Halaman ini diterjemahkan oleh Cloud Translation API.

Penyerapan data Google SecOps

Didukung di:

Google secops SIEM

Google Security Operations menyerap log dari pelanggan, menormalisasi data, dan mendeteksi pemberitahuan keamanan. Google SecOps menyediakan fitur layanan mandiri terkait penyerapan data, deteksi ancaman, pemberitahuan, dan pengelolaan kasus. Google SecOps juga dapat menyerap pemberitahuan dari sistem SIEM lainnya. Peringatan ini dimasukkan ke akun Google SecOps Anda, tempat peringatan tersebut dapat dianalisis.

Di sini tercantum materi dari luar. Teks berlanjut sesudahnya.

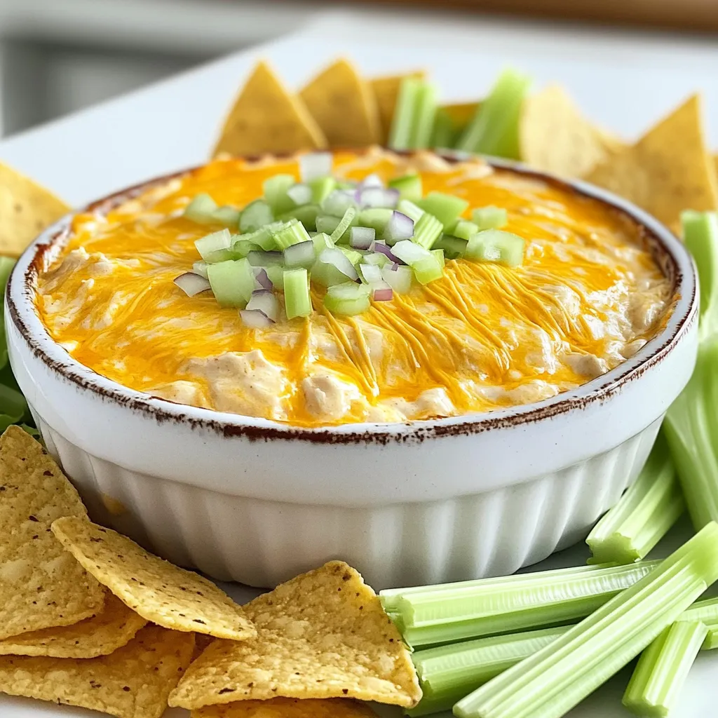 For game day, serve with tortilla chips, celery sticks, and crackers. This makes it fun and easy to dip. If you are hosting a party, present the dip in a rustic bowl. Top it with chopped green onions for a pop of color. Arrange an assortment of dippers around the bowl. This adds a festive touch and invites guests to dig in.

Penyerapan log Google SecOps

Layanan penyerapan SecOps Google bertindak sebagai gateway untuk semua data. Google SecOps menyerap data menggunakan sistem berikut:

Penerus: Penerus Google SecOps adalah agen jarak jauh yang diinstal di endpoint pelanggan. Forwarder mengirimkan data ke layanan penyerapan Google SecOps. Untuk mengetahui informasi selengkapnya, lihat cara menginstal penerus Linux atau Windows.
Agen BindPlane: Agen BindPlane mengumpulkan log dari berbagai sumber dan mengirimkannya ke Google SecOps. Agen ini dapat dikelola menggunakan konsol Pengelolaan OP Bindplane opsional. Untuk mengetahui informasi selengkapnya, lihat Menggunakan agen BindPlane.
API Penyerapan: Google SecOps memiliki API penyerapan publik, dan pelanggan dapat mengirim data langsung ke API ini. Untuk mengetahui informasi selengkapnya, lihat Ingestion API.
Google Cloud: Google SecOps dapat menarik data langsung dari akun Google Cloud Anda. Untuk mengetahui informasi selengkapnya, lihat Menyerap Google Cloud data ke Google SecOps.
Feed data: Google SecOps mendukung serangkaian feed data yang dapat menarik data dari lokasi eksternal statis (misalnya, Amazon S3) dan API pihak ketiga (misalnya, Okta). Feed data ini mengirim log langsung ke layanan penyerapan Google SecOps. Untuk mengetahui informasi selengkapnya, lihat dokumentasi pengelolaan feed.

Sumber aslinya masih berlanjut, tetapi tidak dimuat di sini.